── Data records
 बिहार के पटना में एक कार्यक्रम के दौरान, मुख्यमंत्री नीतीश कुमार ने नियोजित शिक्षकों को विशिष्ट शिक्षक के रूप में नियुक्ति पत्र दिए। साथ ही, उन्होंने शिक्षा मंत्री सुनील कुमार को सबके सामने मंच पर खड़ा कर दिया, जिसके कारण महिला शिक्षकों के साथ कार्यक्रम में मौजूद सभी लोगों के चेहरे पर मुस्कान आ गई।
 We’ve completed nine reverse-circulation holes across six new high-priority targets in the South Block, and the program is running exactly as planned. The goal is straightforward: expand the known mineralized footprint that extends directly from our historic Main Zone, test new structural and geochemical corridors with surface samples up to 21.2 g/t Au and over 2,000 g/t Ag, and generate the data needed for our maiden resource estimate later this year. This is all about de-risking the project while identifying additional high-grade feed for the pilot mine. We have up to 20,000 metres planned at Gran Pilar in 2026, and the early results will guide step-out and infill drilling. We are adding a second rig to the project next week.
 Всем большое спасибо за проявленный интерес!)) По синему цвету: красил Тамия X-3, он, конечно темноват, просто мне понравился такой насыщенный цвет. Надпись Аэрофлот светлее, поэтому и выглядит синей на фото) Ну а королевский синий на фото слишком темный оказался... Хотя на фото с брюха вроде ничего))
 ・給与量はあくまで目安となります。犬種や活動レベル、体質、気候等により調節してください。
────
── Data records
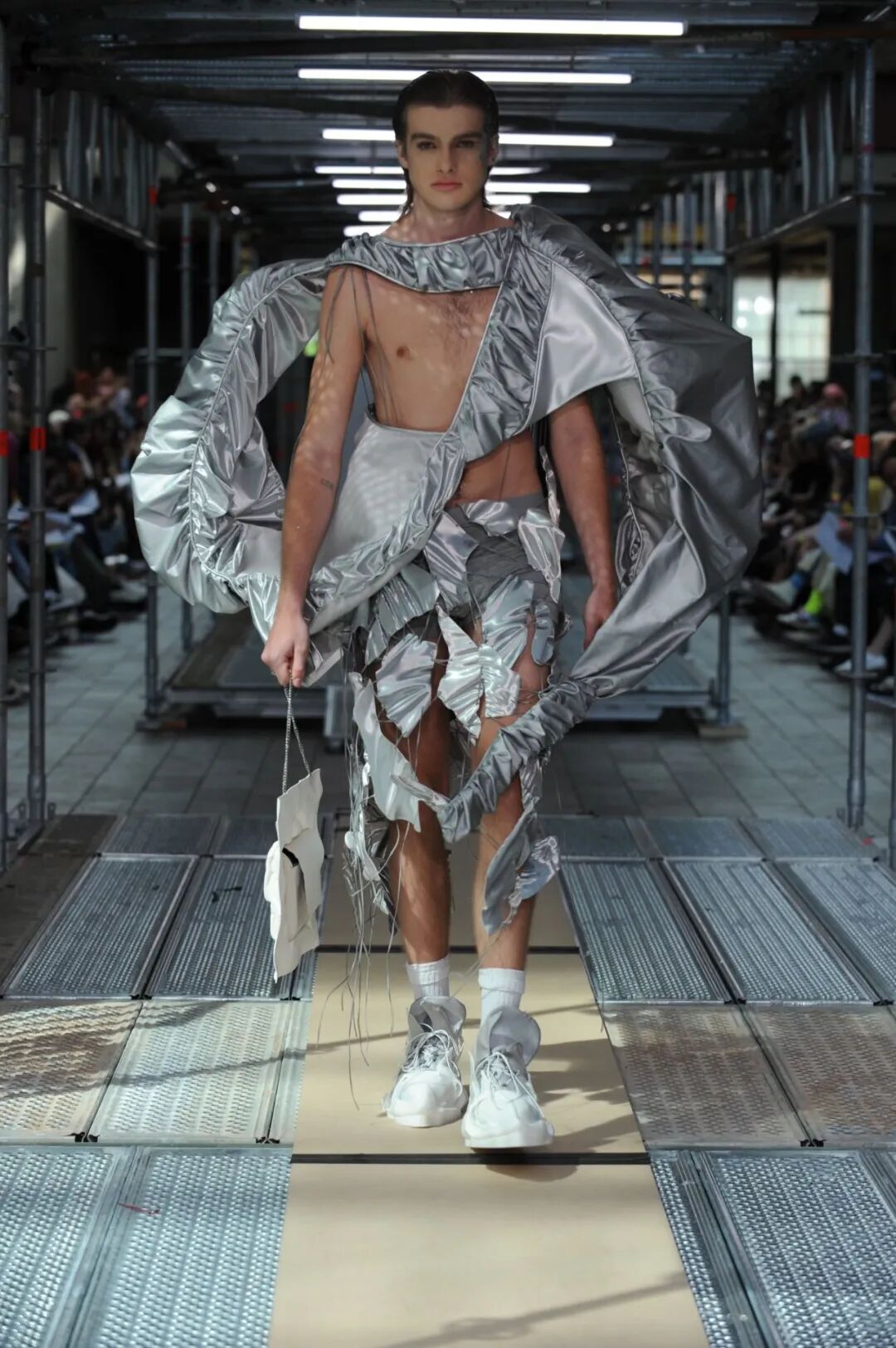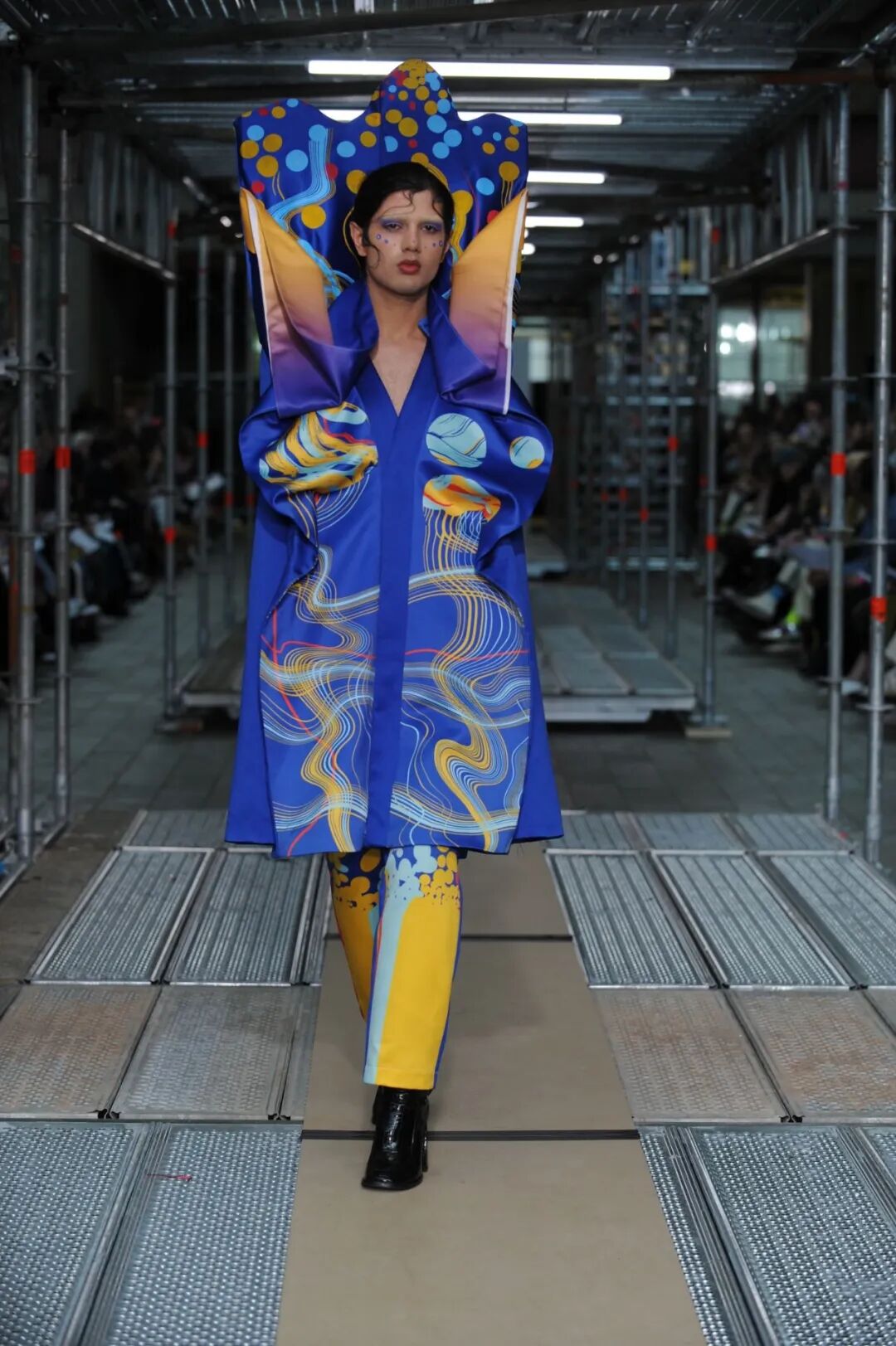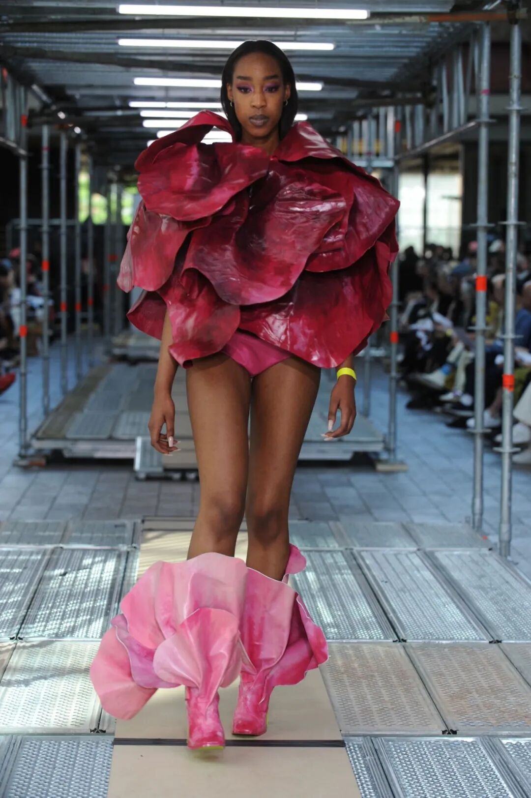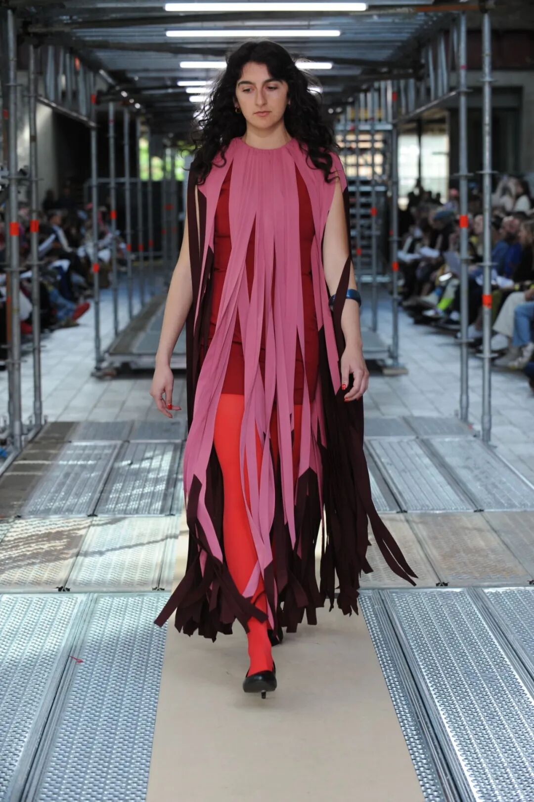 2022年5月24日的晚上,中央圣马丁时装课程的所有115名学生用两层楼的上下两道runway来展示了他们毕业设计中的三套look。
────
── Data records
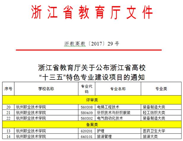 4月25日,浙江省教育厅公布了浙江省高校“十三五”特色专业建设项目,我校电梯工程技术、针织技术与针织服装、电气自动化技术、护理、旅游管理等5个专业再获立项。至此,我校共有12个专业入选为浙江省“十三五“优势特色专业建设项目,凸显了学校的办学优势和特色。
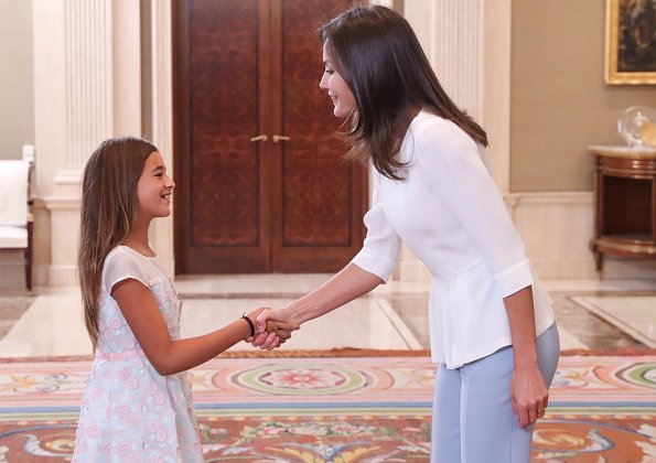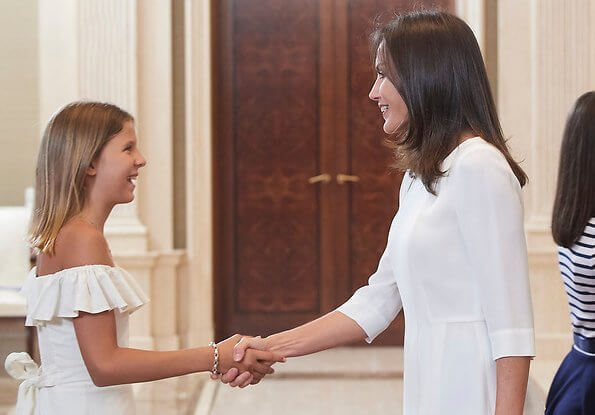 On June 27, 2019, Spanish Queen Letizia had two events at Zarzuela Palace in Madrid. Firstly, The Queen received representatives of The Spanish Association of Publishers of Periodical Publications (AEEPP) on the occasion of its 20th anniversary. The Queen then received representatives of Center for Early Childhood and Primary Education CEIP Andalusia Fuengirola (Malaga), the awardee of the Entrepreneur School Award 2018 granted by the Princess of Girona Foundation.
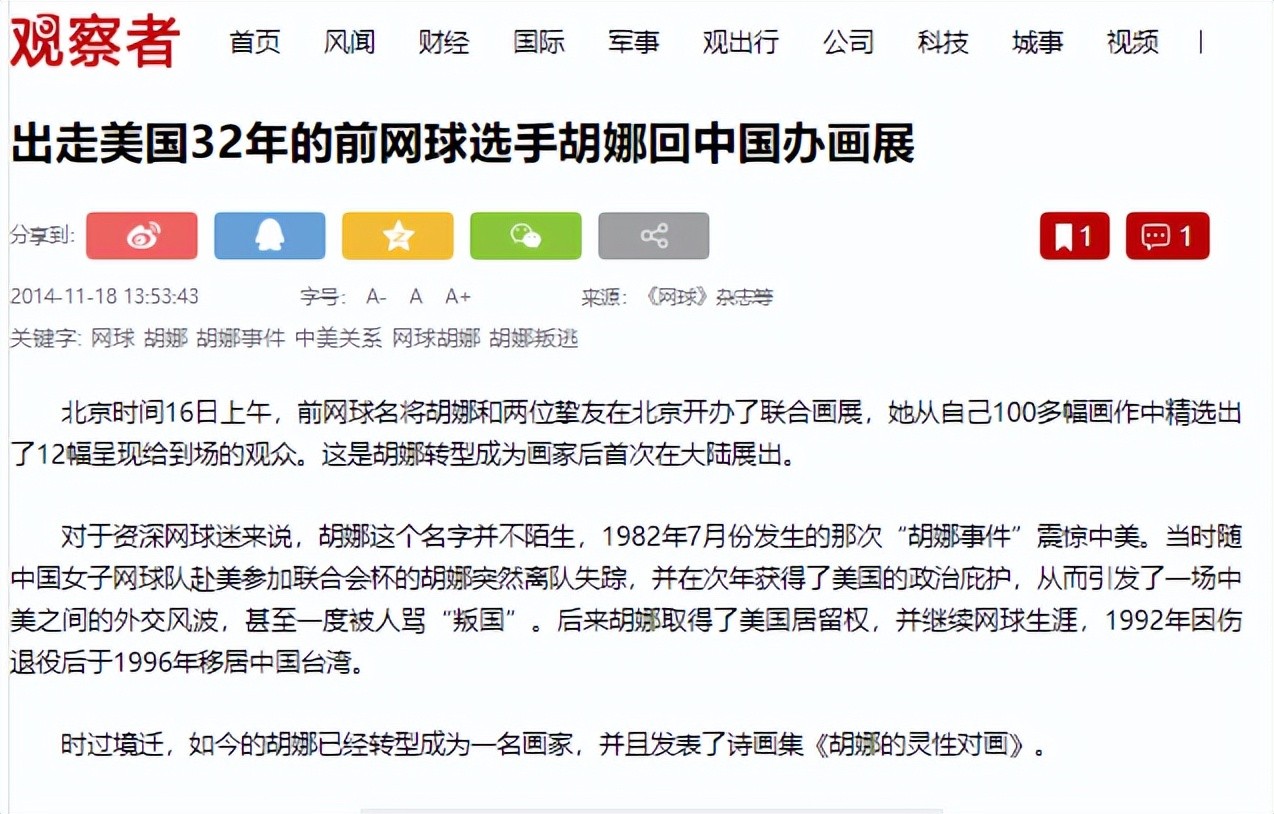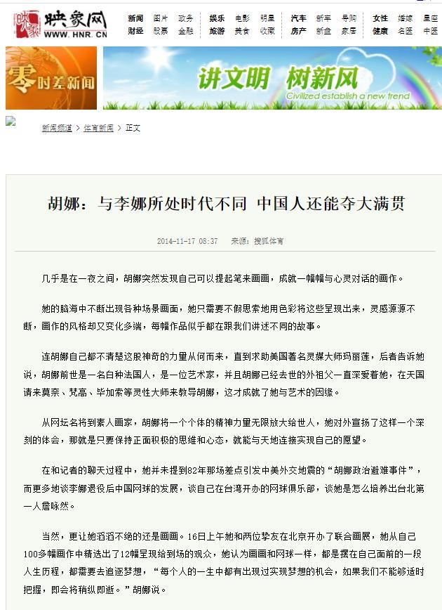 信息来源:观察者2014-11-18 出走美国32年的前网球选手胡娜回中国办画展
────
### How to complete this task
Look above for the line with "4月25日,浙江省教育厅公布" and the line with "信息来源:观察者2014-1", then copy exactly the lines from the first through the second, both kept, with no pictures.

### Result below
 4月25日,浙江省教育厅公布了浙江省高校“十三五”特色专业建设项目,我校电梯工程技术、针织技术与针织服装、电气自动化技术、护理、旅游管理等5个专业再获立项。至此,我校共有12个专业入选为浙江省“十三五“优势特色专业建设项目,凸显了学校的办学优势和特色。
 On June 27, 2019, Spanish Queen Letizia had two events at Zarzuela Palace in Madrid. Firstly, The Queen received representatives of The Spanish Association of Publishers of Periodical Publications (AEEPP) on the occasion of its 20th anniversary. The Queen then received representatives of Center for Early Childhood and Primary Education CEIP Andalusia Fuengirola (Malaga), the awardee of the Entrepreneur School Award 2018 granted by the Princess of Girona Foundation.
 信息来源:观察者2014-11-18 出走美国32年的前网球选手胡娜回中国办画展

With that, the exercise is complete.